Exactly as written, set down each line of the data below except its pictures.

DATA BELOW:
● ● ● ●
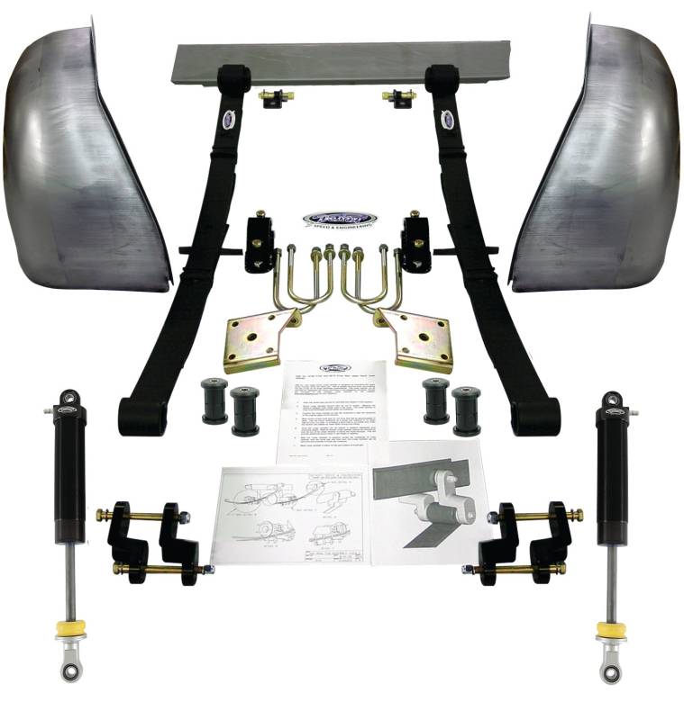 Detroit Speed Mini-Tub Kit - 2 in. Drop A complete rear Mini-Tub kit is available from Detroit Speed and includes all necessary parts for a complete project package. Spring Rate: 175lbs/in Spring Free Length: 5in Arc Height Total Spring Height : 6-1/4" Mini Tub Kit Includes All Parts to Complete Project Ride Height: 2" Drop Mini Tub Width: 2.75" Spring Rate: 175 lbs/in Includes: Mini Tubs, Leaf Springs, Offset Shackles, U-Bolts, Shocks, Shock Mounts & Mounting Hardware
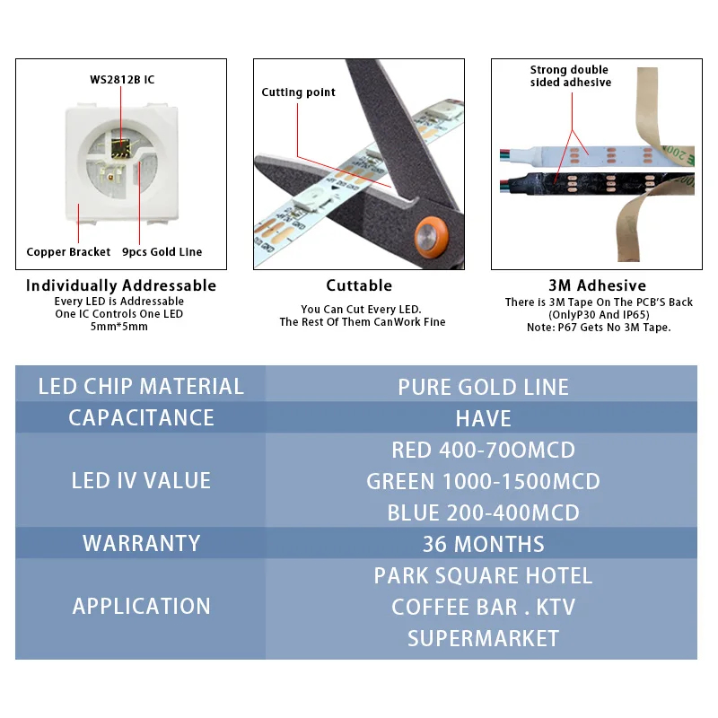 1. Tira de luz CC de bajo voltaje, control único de punto único de 5V
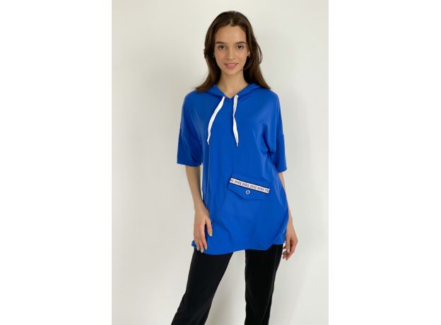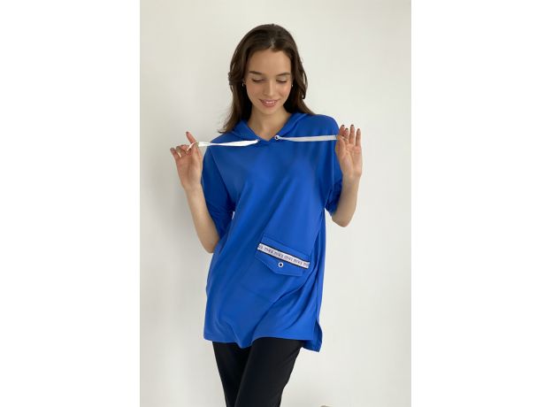 Туника прямая, свободная, с капюшоном, с удлиненной спинкой. Рукав короткий. На полочке расположен накладной карман с клапаном. В нижней части боковых швов обработаны разрезы.
● ● ● ●
OUTPUT FOR THIS TASK:
 Detroit Speed Mini-Tub Kit - 2 in. Drop A complete rear Mini-Tub kit is available from Detroit Speed and includes all necessary parts for a complete project package. Spring Rate: 175lbs/in Spring Free Length: 5in Arc Height Total Spring Height : 6-1/4" Mini Tub Kit Includes All Parts to Complete Project Ride Height: 2" Drop Mini Tub Width: 2.75" Spring Rate: 175 lbs/in Includes: Mini Tubs, Leaf Springs, Offset Shackles, U-Bolts, Shocks, Shock Mounts & Mounting Hardware
 1. Tira de luz CC de bajo voltaje, control único de punto único de 5V
 Туника прямая, свободная, с капюшоном, с удлиненной спинкой. Рукав короткий. На полочке расположен накладной карман с клапаном. В нижней части боковых швов обработаны разрезы.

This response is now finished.